- Born: May 15, 1987 (age 39)
- Origin: St. Petersburg, Florida, U.S.
- Genres: Acoustic pop, contemporary Christian
- Occupations: Singer, songwriter, classical composer
- Instruments: Piano, vocals, oboe, guitar
- Years active: 2000–present
- Label: Caravan Media
- Website: brucegblowers.com

= Bruce G. Blowers =

American Christian musician (born 1987)

Bruce Gregory Blowers (born May 15, 1987) is an American contemporary Christian music singer-songwriter from St. Petersburg, Florida. He is signed with Caravan Media, an independent record label based in Central Florida. He released his first full-length album,Through Glass, in 2009.

==Early life==
Blowers wrote his first song titled "God Made Everything" at age 10; it was later performed by his local church choir.

==Career==
Blowers has performed as a principal or second chair oboist with several ensembles, including the Keswick Christian School Band, the Pinellas Youth Symphony, the Tampa Bay Youth Orchestra, the Tampa Bay Symphony Orchestra, the orchestras at Seminole High School and the University of South Florida, and the St. Petersburg College Orchestra and Band. Blowers' original orchestral compositions have been played by members of the Tampa Bay Symphony and The Florida Orchestra. A symphony Blowers wrote won second place at the 34th Annual Composer's Guild competition. Blowers has also performed at Carnegie Hall with the National Festival Orchestra. He was a member of the "Musical Ambassadors Tour of Russia" during which the St. Petersburg College Madrigalians performed for audiences in Moscow, Saint Petersburg, and Orenburg Oblast.

===Through Glass===
Blowers recorded his first studio album, Through Glass, in late 2009 at Oh Good! Studios in DeLand. The album contains ten piano-driven tracks in the genre of contemporary Christian music. Blowers wrote, sang, and played piano for each track.

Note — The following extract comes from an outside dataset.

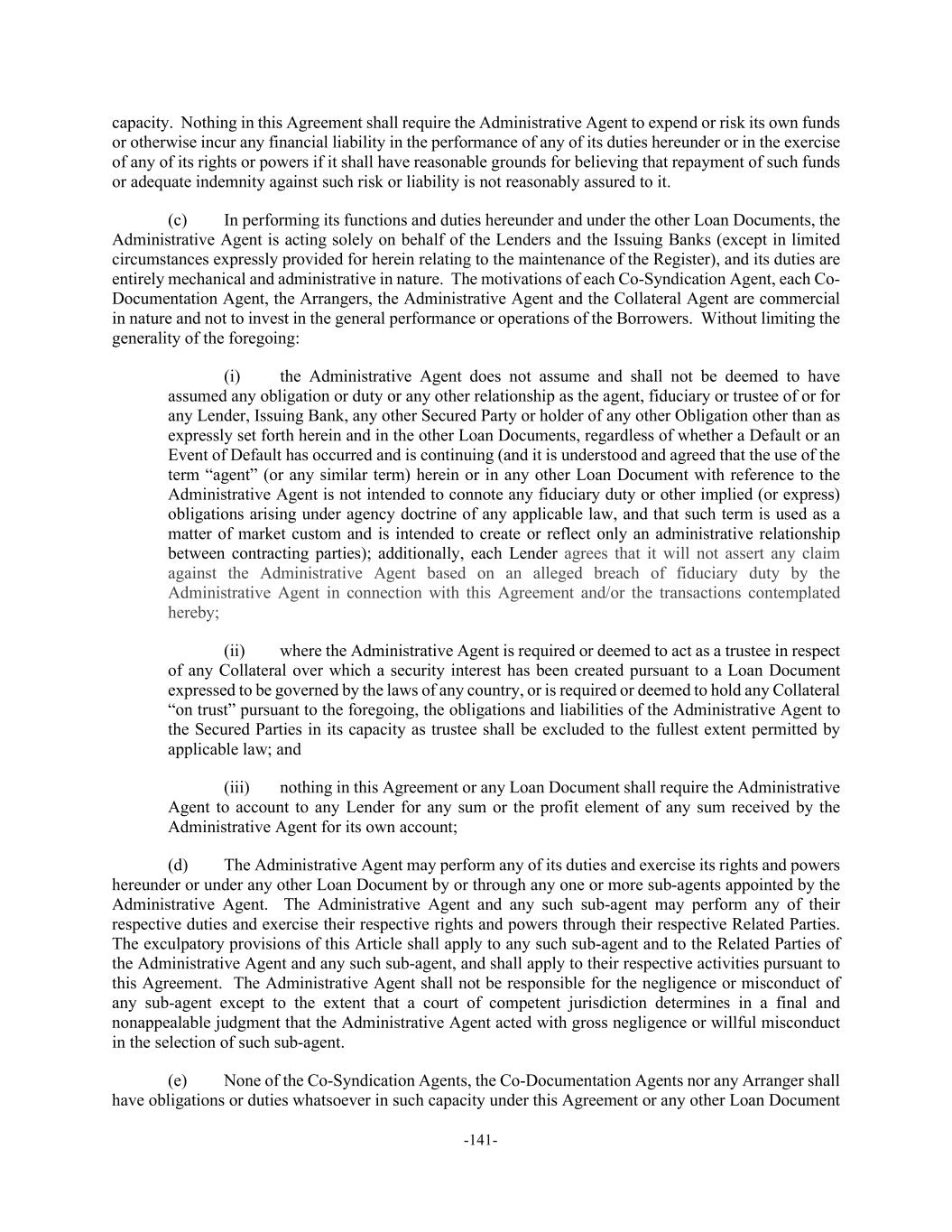 -141- capacity. Nothing in this Agreement shall require the Administrative Agent to expend or risk its own funds or otherwise incur any financial liability in the performance of any of its duties hereunder or in the exercise of any of its rights or powers if it shall have reasonable grounds for believing that repayment of such funds or adequate indemnity against such risk or liability is not reasonably assured to it. (c) In performing its functions and duties hereunder and under the other Loan Documents, the Administrative Agent is acting solely on behalf of the Lenders and the Issuing Banks (except in limited circumstances expressly provided for herein relating to the maintenance of the Register), and its duties are entirely mechanical and administrative in nature. The motivations of each Co-Syndication Agent, each Co- Documentation Agent, the Arrangers, the Administrative Agent and the Collateral Agent are commercial in nature and not to invest in the general performance or operations of the Borrowers. Without limiting the generality of the foregoing: (i) the Administrative Agent does not assume and shall not be deemed to have assumed any obligation or duty or any other relationship as the agent, fiduciary or trustee of or for any Lender, Issuing Bank, any other Secured Party or holder of any other Obligation other than as expressly set forth herein and in the other Loan Documents, regardless of whether a Default or an Event of Default has occurred and is continuing (and it is understood and agreed that the use of the term “agent” (or any similar term) herein or in any other Loan Document with reference to the Administrative Agent is not intended to connote any fiduciary duty or other implied (or express) obligations arising under agency doctrine of any applicable law, and that such term is used as a matter of market custom and is intended to create or reflect only an administrative relationship between contracting parties); additionally, each Lender agrees that it will not assert any claim against the Administrative Agent based on an alleged breach of fiduciary duty by the Administrative Agent in connection with this Agreement and/or the transactions contemplated hereby; (ii) where the Administrative Agent is required or deemed to act as a trustee in respect of any Collateral over which a security interest has been created pursuant to a Loan Document expressed to be governed by the laws of any country, or is required or deemed to hold any Collateral “on trust” pursuant to the foregoing, the obligations and liabilities of the Administrative Agent to the Secured Parties in its capacity as trustee shall be excluded to the fullest extent permitted by applicable law; and (iii) nothing in this Agreement or any Loan Document shall require the Administrative Agent to account to any Lender for any sum or the profit element of any sum received by the Administrative Agent for its own account; (d) The Administrative Agent may perform any of its duties and exercise its rights and powers hereunder or under any other Loan Document by or through any one or more sub-agents appointed by the Administrative Agent. The Administrative Agent and any such sub-agent may perform any of their respective duties and exercise their respective rights and powers through their respective Related Parties. The exculpatory provisions of this Article shall apply to any such sub-agent and to the Related Parties of the Administrative Agent and any such sub-agent, and shall apply to their respective activities pursuant to this Agreement. The Administrative Agent shall not be responsible for the negligence or misconduct of any sub-agent except to the extent that a court of competent jurisdiction determines in a final and nonappealable judgment that the Administrative Agent acted with gross negligence or willful misconduct in the selection of such sub-agent. (e) None of the Co-Syndication Agents, the Co-Documentation Agents nor any Arranger shall have obligations or duties whatsoever in such capacity under this Agreement or any other Loan Document

In an album review, St. Petersburg Times described the album as a "slickly produced collection of 10 catchy pop songs, with Blowers singing and playing piano with a soft-rock group." John Fleming, Performing Arts Critic for the Times, described Blowers as "a soulful singer-songwriter of Christian pop music." Singer-songwriter Matt Hires, a second cousin of Blowers, appeared at Blowers' album premiere concert in Seminole, Florida. Hires played lead guitar on "Distance", the second track from Through Glass. Blowers remastered "A Piece that Overcomes" in 2020, and then "Let Me In", "Bridge to You", and "Road to Feel" (formerly from "Your Road to Feel") in 2019.

==Discography==
===Studio albums===
- Through Glass (2009)

====Through Glass====
Track listing
1. "Through Glass"
2. "Distance"
3. "Reverie"
4. "You"
5. "We Just Might Make It"
6. "Love Letter"
7. "Every Leaf"
8. "Singing at Night"
9. "Wings of the Wind"
10. "Atonement"
11. "Let me In"
12. "A Piece that Overcomes"
13. "Bridge to You"

==Acting credits==
In addition to his music career, Blowers has appeared in commercials for Disney. He also portrayed the character of "Lance" in the television drama series, Walk on Water. Furthermore, he performed as a vocalist in musical and opera performances at the Palladium Theater in St. Petersburg, Florida.

==Tours==
Blowers performs his music at churches and youth events throughout Central Florida. In concert, his sister, Brianne Grace Blowers, sometimes accompanies him on flute for the track "You." Brianne also contributed backup vocals on two of the album's tracks. Blowers has performed covers of Michael Bublé's song "Home." In early 2010, Blowers announced a summer tour of Greece. During the tour, he debuted his song "Your Road to Feel," written on guitar, at Bethel Lutheran Church in ⁣⁣Clearwater⁣⁣. Blowers has stated his intention to learn guitar for certain future tracks.